◆ **What to do**: Below are some records: retype them all exactly, but not the pictures.
== Segment start ==
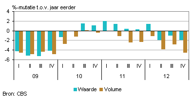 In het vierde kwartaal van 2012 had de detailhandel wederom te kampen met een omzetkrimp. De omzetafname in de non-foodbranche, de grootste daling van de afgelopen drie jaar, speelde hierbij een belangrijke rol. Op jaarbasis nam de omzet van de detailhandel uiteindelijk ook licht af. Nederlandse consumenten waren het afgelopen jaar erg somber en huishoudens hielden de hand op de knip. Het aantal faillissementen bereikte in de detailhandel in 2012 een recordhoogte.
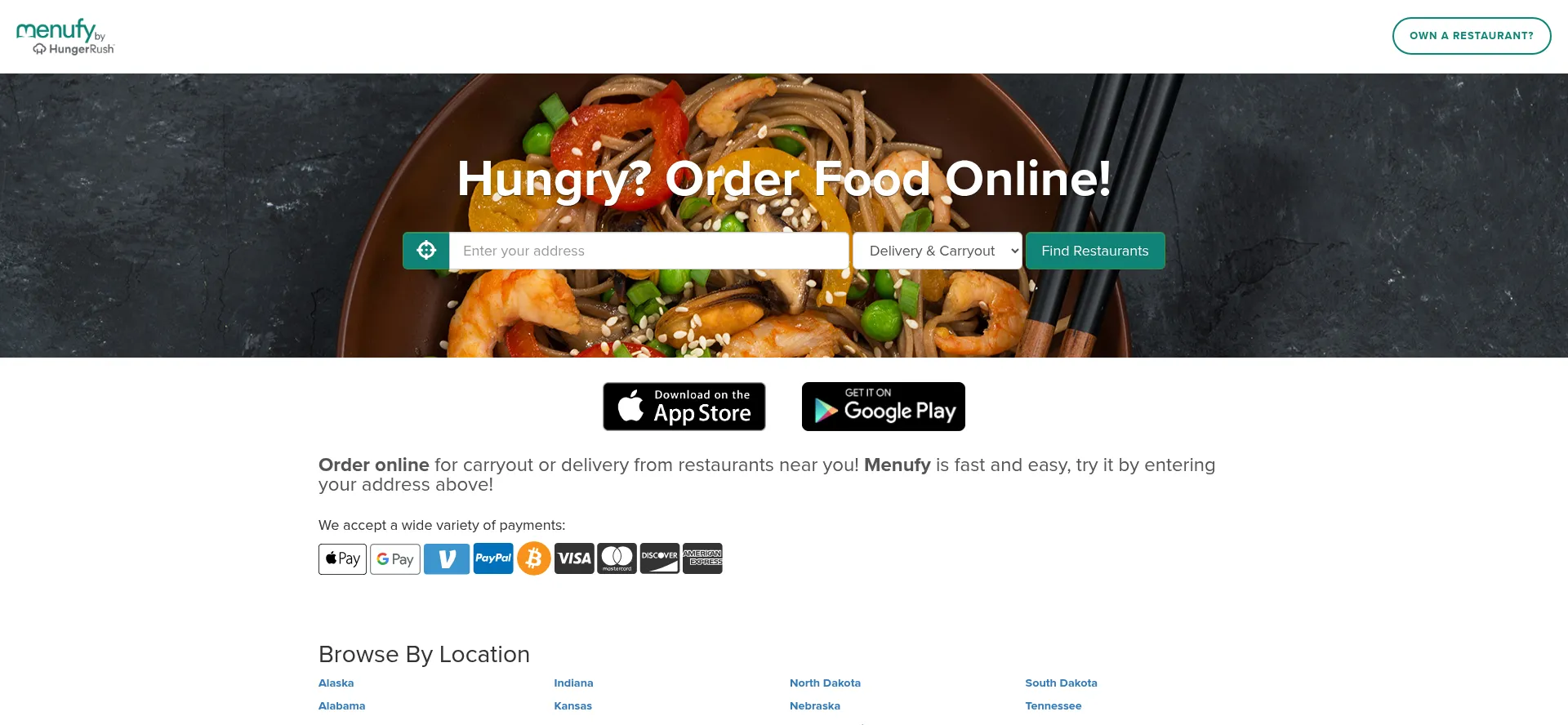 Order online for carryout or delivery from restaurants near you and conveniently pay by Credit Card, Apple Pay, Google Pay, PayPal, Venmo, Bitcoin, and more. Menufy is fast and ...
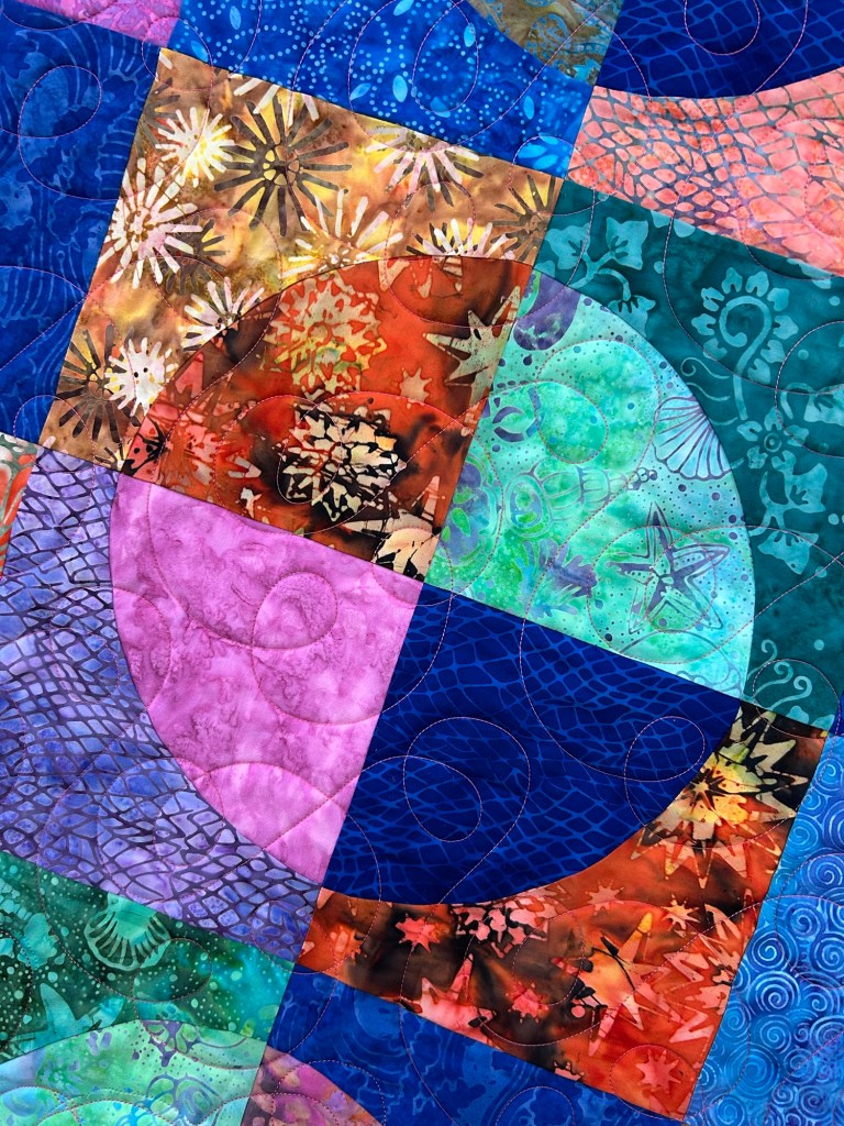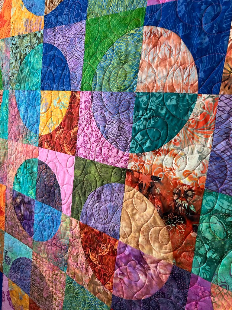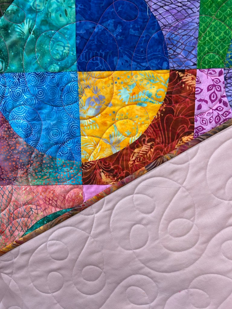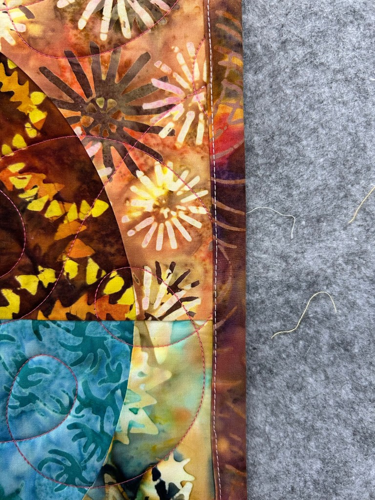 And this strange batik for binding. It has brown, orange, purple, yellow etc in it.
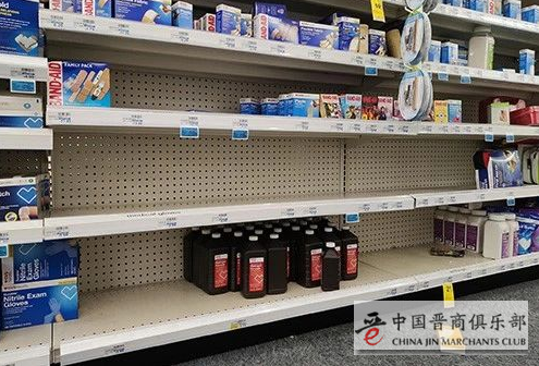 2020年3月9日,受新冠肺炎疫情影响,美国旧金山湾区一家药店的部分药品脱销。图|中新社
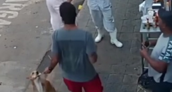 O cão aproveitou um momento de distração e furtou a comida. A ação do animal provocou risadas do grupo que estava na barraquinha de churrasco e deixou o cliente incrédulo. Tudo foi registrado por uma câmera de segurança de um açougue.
== Segment end ==
◆ **Response to the exercise**:
 In het vierde kwartaal van 2012 had de detailhandel wederom te kampen met een omzetkrimp. De omzetafname in de non-foodbranche, de grootste daling van de afgelopen drie jaar, speelde hierbij een belangrijke rol. Op jaarbasis nam de omzet van de detailhandel uiteindelijk ook licht af. Nederlandse consumenten waren het afgelopen jaar erg somber en huishoudens hielden de hand op de knip. Het aantal faillissementen bereikte in de detailhandel in 2012 een recordhoogte.
 Order online for carryout or delivery from restaurants near you and conveniently pay by Credit Card, Apple Pay, Google Pay, PayPal, Venmo, Bitcoin, and more. Menufy is fast and ...
 And this strange batik for binding. It has brown, orange, purple, yellow etc in it.
 2020年3月9日,受新冠肺炎疫情影响,美国旧金山湾区一家药店的部分药品脱销。图|中新社
 O cão aproveitou um momento de distração e furtou a comida. A ação do animal provocou risadas do grupo que estava na barraquinha de churrasco e deixou o cliente incrédulo. Tudo foi registrado por uma câmera de segurança de um açougue.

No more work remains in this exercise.